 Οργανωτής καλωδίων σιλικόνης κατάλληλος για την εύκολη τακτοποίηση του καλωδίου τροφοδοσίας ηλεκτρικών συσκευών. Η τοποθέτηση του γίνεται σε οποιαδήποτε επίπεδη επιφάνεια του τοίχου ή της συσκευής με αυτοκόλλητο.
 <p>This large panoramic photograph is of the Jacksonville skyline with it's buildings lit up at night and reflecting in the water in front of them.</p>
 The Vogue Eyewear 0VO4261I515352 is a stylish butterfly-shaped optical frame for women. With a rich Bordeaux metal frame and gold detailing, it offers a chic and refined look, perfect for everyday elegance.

__________________________________________________

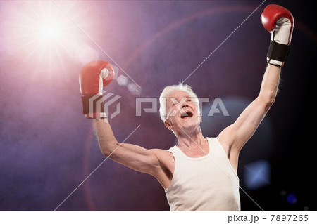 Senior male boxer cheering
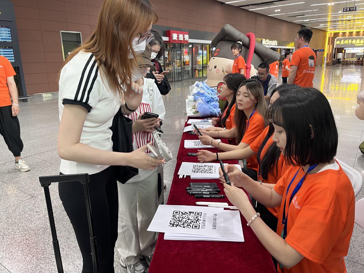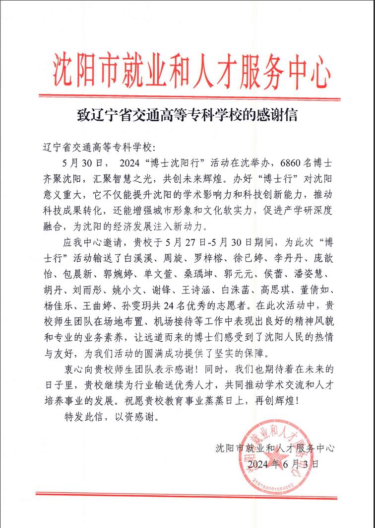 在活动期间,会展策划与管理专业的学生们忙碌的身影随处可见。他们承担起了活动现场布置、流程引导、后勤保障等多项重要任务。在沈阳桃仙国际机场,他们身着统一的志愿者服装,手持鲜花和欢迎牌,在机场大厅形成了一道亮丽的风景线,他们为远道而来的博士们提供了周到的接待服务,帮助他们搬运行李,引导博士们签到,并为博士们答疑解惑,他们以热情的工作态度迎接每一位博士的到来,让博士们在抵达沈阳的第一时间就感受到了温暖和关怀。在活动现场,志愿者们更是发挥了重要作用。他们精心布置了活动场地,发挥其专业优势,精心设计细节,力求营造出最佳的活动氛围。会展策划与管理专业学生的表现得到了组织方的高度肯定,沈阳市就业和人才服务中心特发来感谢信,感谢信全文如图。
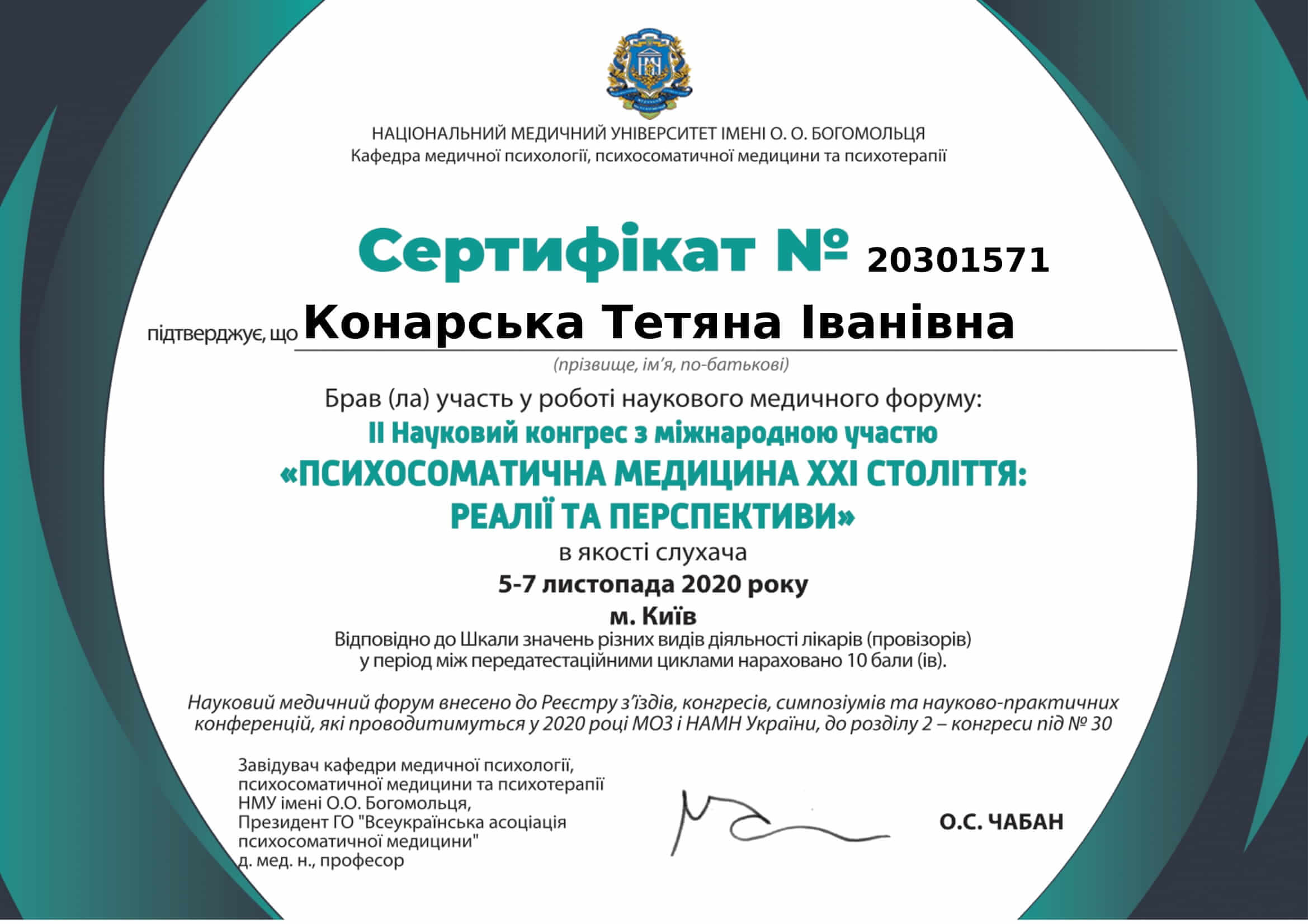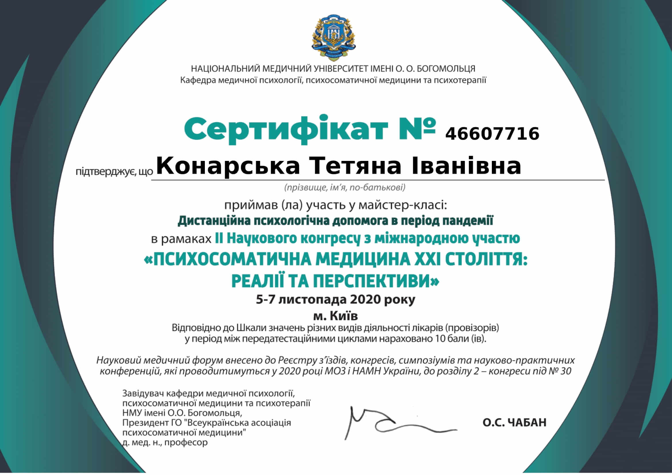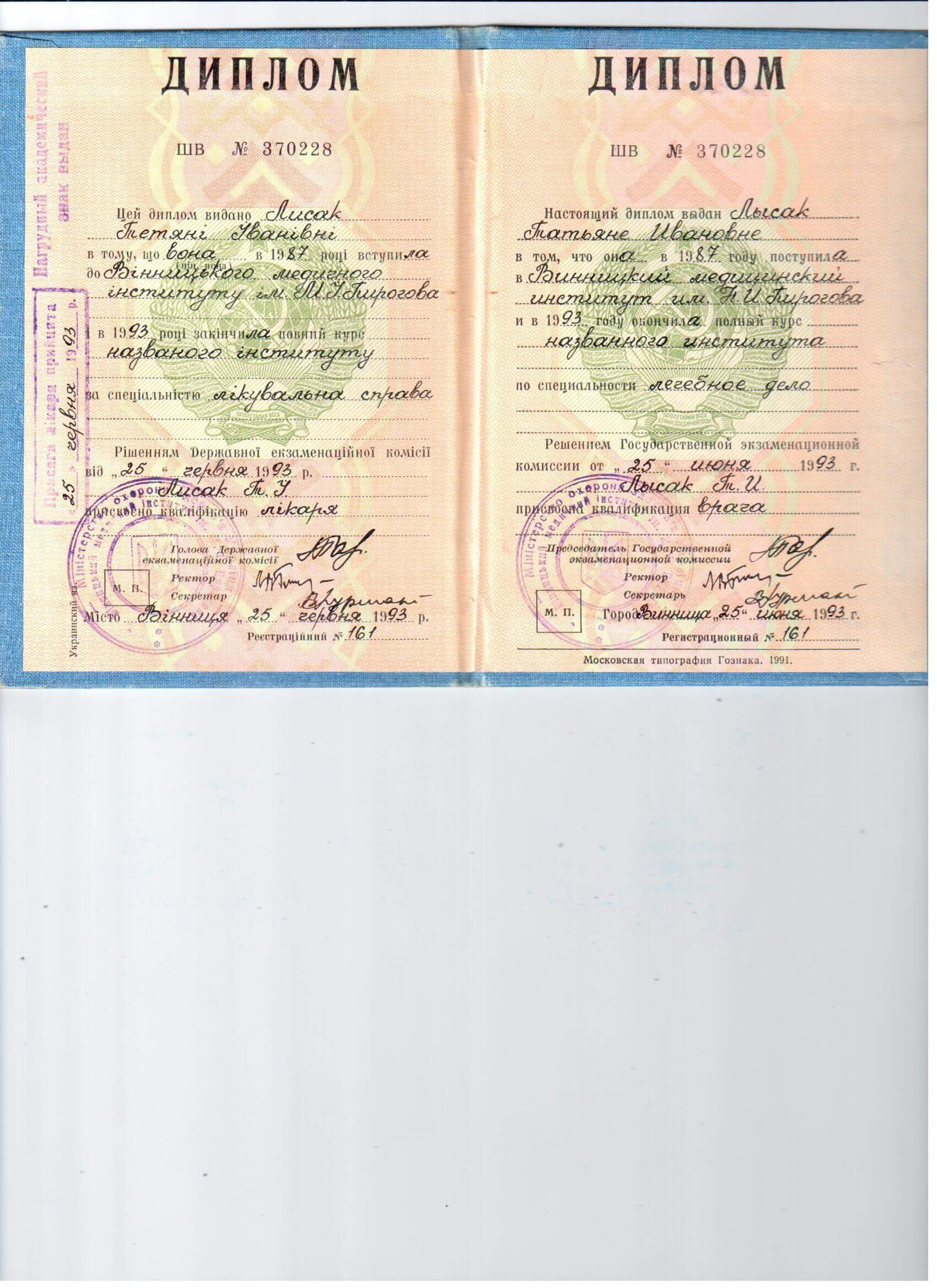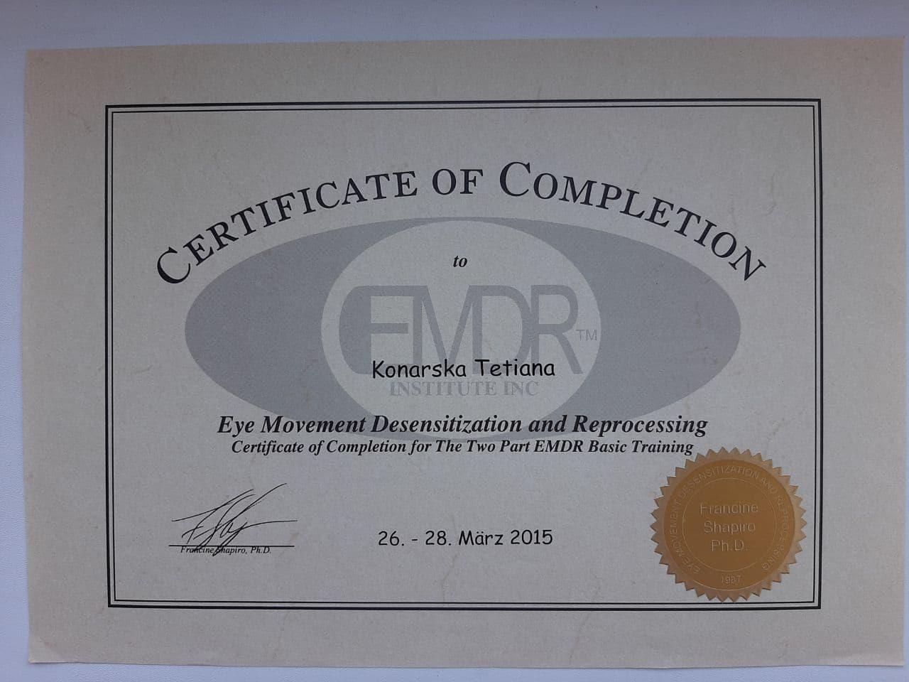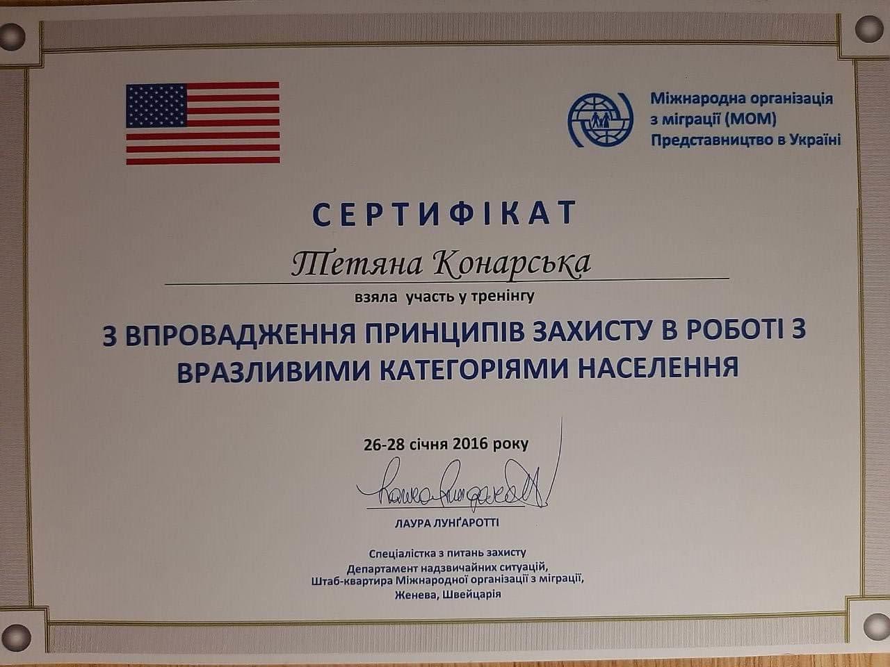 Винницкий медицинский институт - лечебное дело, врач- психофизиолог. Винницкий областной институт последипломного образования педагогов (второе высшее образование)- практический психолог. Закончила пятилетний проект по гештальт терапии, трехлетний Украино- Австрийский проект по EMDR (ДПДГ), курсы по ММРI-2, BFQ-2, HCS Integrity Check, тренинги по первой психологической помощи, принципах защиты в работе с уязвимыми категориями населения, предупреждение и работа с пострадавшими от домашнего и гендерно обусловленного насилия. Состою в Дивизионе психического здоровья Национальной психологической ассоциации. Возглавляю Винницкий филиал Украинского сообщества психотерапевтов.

__________________________________________________

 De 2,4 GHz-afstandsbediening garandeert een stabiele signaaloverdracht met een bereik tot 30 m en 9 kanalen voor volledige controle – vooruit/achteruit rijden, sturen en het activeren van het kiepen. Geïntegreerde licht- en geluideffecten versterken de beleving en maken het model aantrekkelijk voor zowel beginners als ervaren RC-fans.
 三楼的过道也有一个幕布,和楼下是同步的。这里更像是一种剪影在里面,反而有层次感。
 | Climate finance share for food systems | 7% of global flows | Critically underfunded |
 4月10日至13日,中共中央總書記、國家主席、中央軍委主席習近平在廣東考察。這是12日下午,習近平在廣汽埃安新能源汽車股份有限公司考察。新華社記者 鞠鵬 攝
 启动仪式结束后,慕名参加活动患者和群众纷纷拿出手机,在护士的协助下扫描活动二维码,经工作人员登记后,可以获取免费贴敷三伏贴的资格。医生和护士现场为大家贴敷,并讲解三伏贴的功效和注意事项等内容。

__________________________________________________

Instructions for the task: Within the listing above, find the line containing "Senior male boxer cheering" and the line containing "Винницкий медицинский институт". Transcribe them and everything between them exactly, leaving out the pictures.

Solution to this problem:
 Senior male boxer cheering
 在活动期间,会展策划与管理专业的学生们忙碌的身影随处可见。他们承担起了活动现场布置、流程引导、后勤保障等多项重要任务。在沈阳桃仙国际机场,他们身着统一的志愿者服装,手持鲜花和欢迎牌,在机场大厅形成了一道亮丽的风景线,他们为远道而来的博士们提供了周到的接待服务,帮助他们搬运行李,引导博士们签到,并为博士们答疑解惑,他们以热情的工作态度迎接每一位博士的到来,让博士们在抵达沈阳的第一时间就感受到了温暖和关怀。在活动现场,志愿者们更是发挥了重要作用。他们精心布置了活动场地,发挥其专业优势,精心设计细节,力求营造出最佳的活动氛围。会展策划与管理专业学生的表现得到了组织方的高度肯定,沈阳市就业和人才服务中心特发来感谢信,感谢信全文如图。
 Винницкий медицинский институт - лечебное дело, врач- психофизиолог. Винницкий областной институт последипломного образования педагогов (второе высшее образование)- практический психолог. Закончила пятилетний проект по гештальт терапии, трехлетний Украино- Австрийский проект по EMDR (ДПДГ), курсы по ММРI-2, BFQ-2, HCS Integrity Check, тренинги по первой психологической помощи, принципах защиты в работе с уязвимыми категориями населения, предупреждение и работа с пострадавшими от домашнего и гендерно обусловленного насилия. Состою в Дивизионе психического здоровья Национальной психологической ассоциации. Возглавляю Винницкий филиал Украинского сообщества психотерапевтов.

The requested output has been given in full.